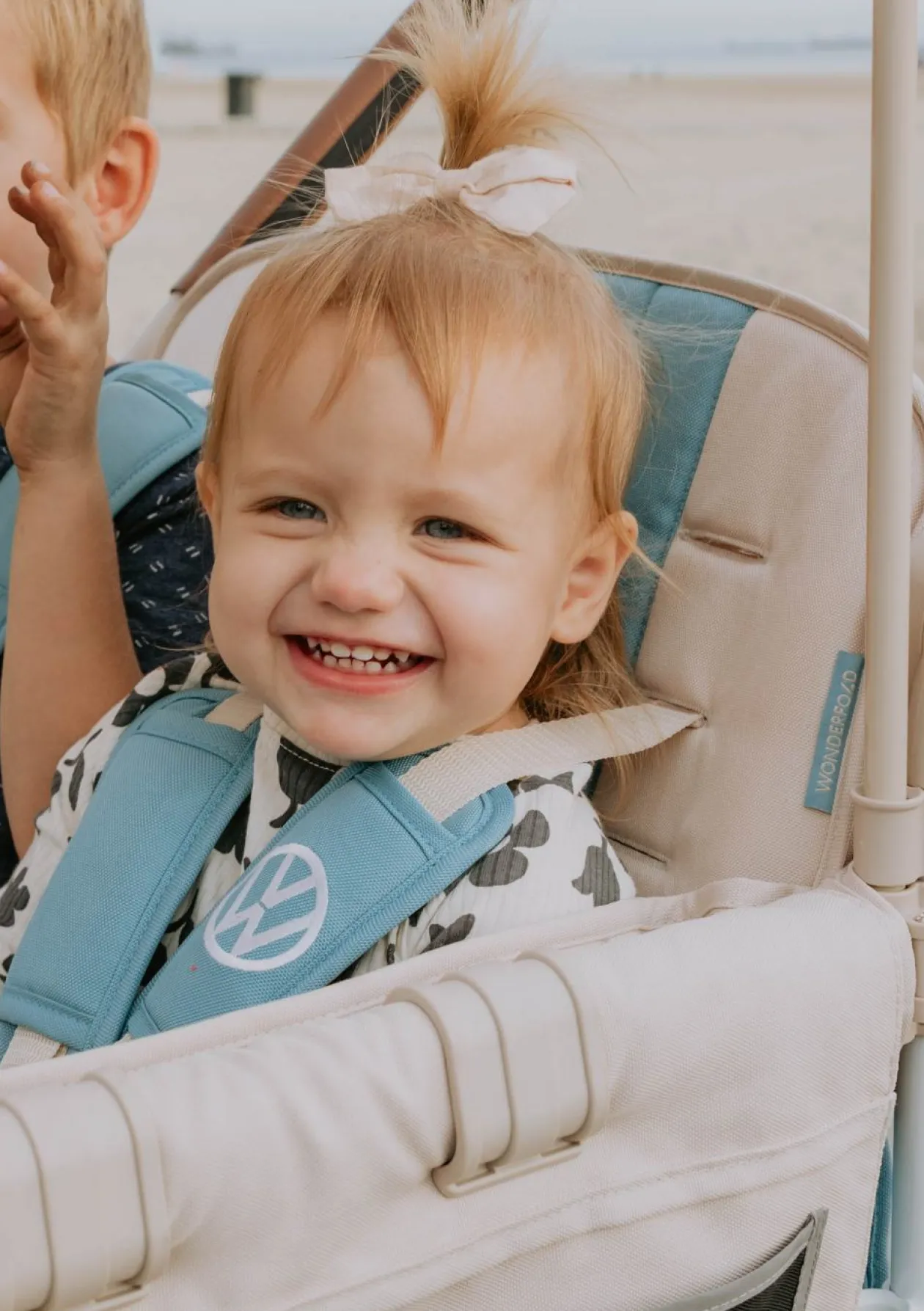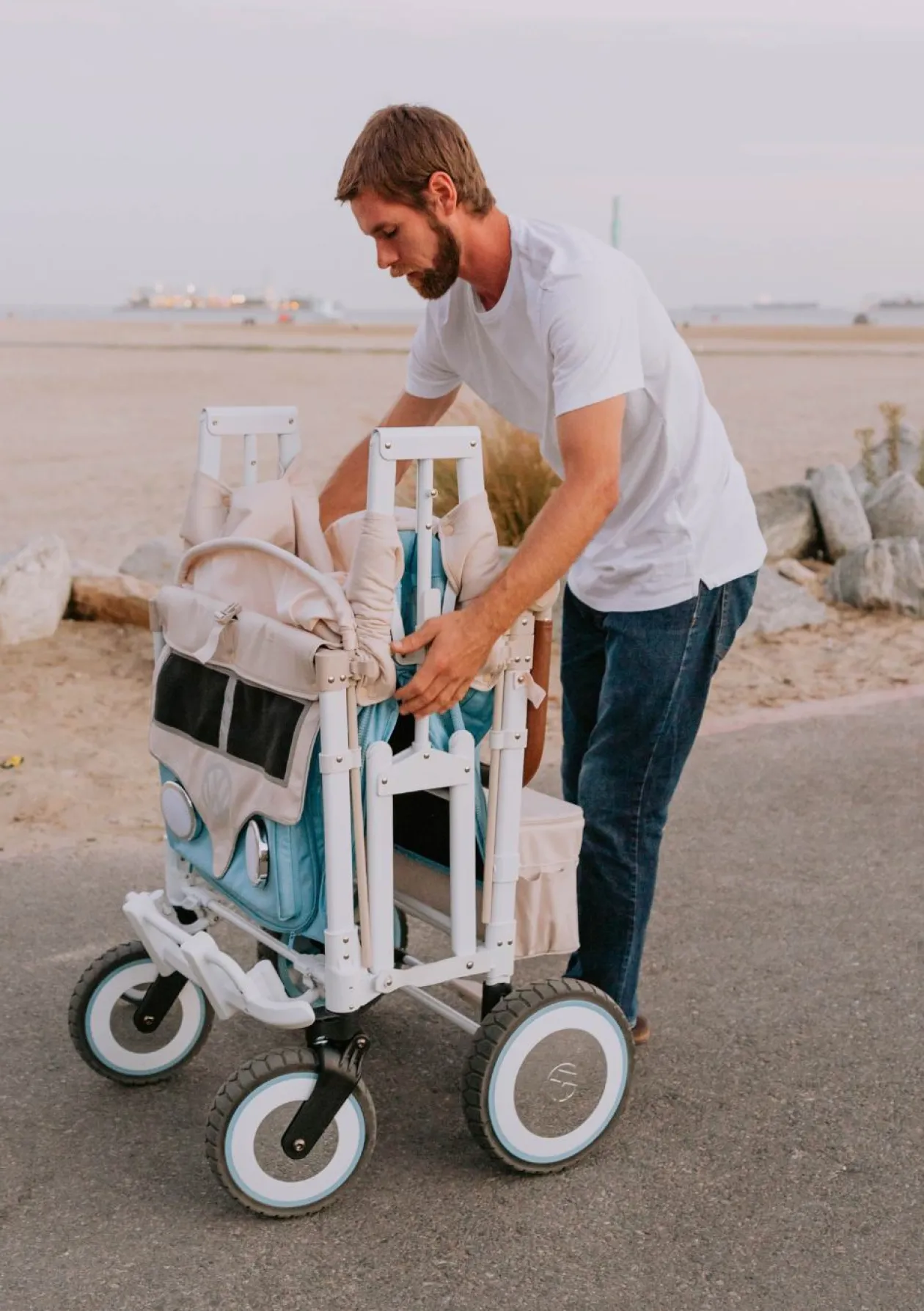 Inspiriert vom Oldtimer-VW-Bus zeigt sich dieser WonderFold VW4 Volkswagen Kinderwagen aus der Sonderedition in ganz besonderer Aufmachung. Das Modell verfügt über funktionale Merkmale wie die klassische VW-Stoßstange, leuchtende Scheinwerfer und Retro-Geländeräder im XL-Format. Das coole Gefährt bietet bis zu vier Kids eine bequeme Sitzgelegenheit. Der benutzerfreundliche Klappmechanismus ermöglicht eine unkomplizierte Mitnahme, langlebige und wetterfeste Materialien machen den VW-Bulli zu einem treuen Familienbegleiter, der jahrelangen Abenteuern standhält. Dank der robusten All-Terrain-Räder fährt er sich auf belebten Straßen in der City genauso gut wie auf ruhigen Pfaden in der Natur. Eine wunderbare Anschaffung für bleibende Kindheitserinnerungen!
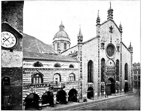 It is strange that Art historians hitherto have made so little of the Comacine Masters. I do not think that Cattaneo mentions them at all. Hope, although divining a universal Masonic Guild, enlarges on all their work as Lombard; Fergusson disposes of them in a single unimportant sentence; and Symonds is not much more diffuse; while Marchese Ricci gives them the credit of the early Lombard work and no more. I was led at length to a closer study of them by the two ponderous tomes on the Maestri Comacini[1] by Professor Merzario, who has got together a huge amount of material from old writers, old deeds, and old stones. But valuable as the material is, Merzario is bewildering in his redundancy, confusing in his arrangement, and not sufficiently clear in his deductions, his viii chief aim being to show how many famous artists came from Lombardy.
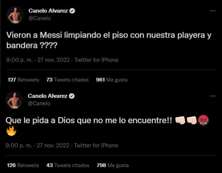 Pese a las explicaciones de sus seguidores, Canelo siguió insistiendo: «Así como respeto Argentina tiene que respetar México!! No hablo del país, hablo de Messi por su mamada que hizo«.
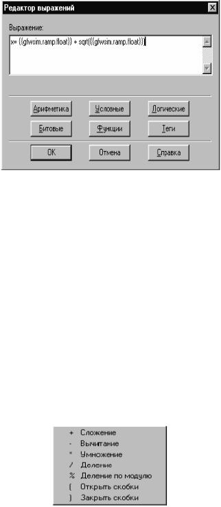 Для вызова меню символов арифметических операций следует нажать кнопку Арифметика диалоговой панели Редактор выражений.
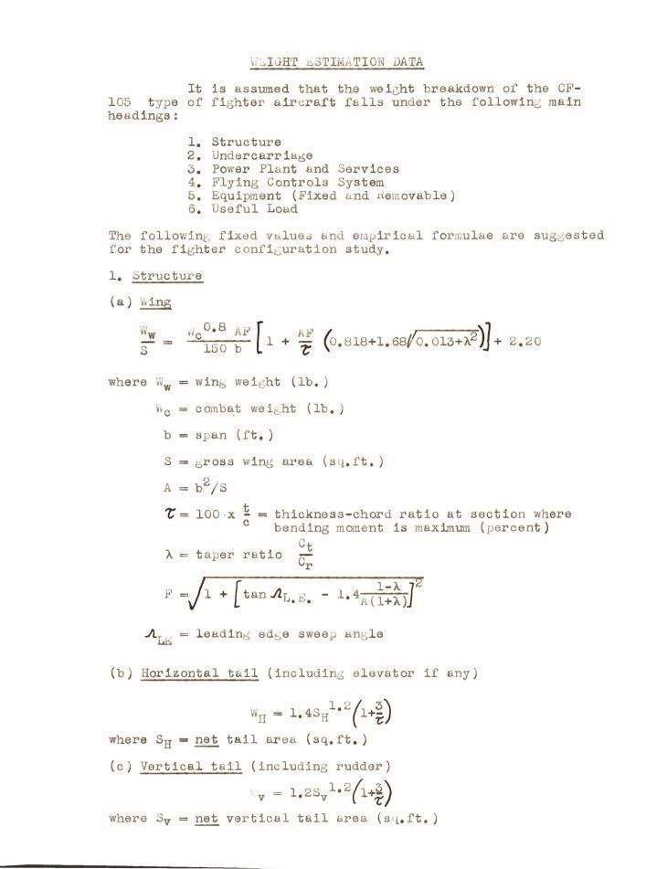 Several sheets showing wight calculation formulas for various major components

■ **TASK STATEMENT**
Start at the line that contains "Pese a las explicaciones" and retype every line through the end of the entries above, both ends included. Exclude all pictures.

■ **ANSWER FOR THIS EXERCISE**
 Pese a las explicaciones de sus seguidores, Canelo siguió insistiendo: «Así como respeto Argentina tiene que respetar México!! No hablo del país, hablo de Messi por su mamada que hizo«.
 Для вызова меню символов арифметических операций следует нажать кнопку Арифметика диалоговой панели Редактор выражений.
 Several sheets showing wight calculation formulas for various major components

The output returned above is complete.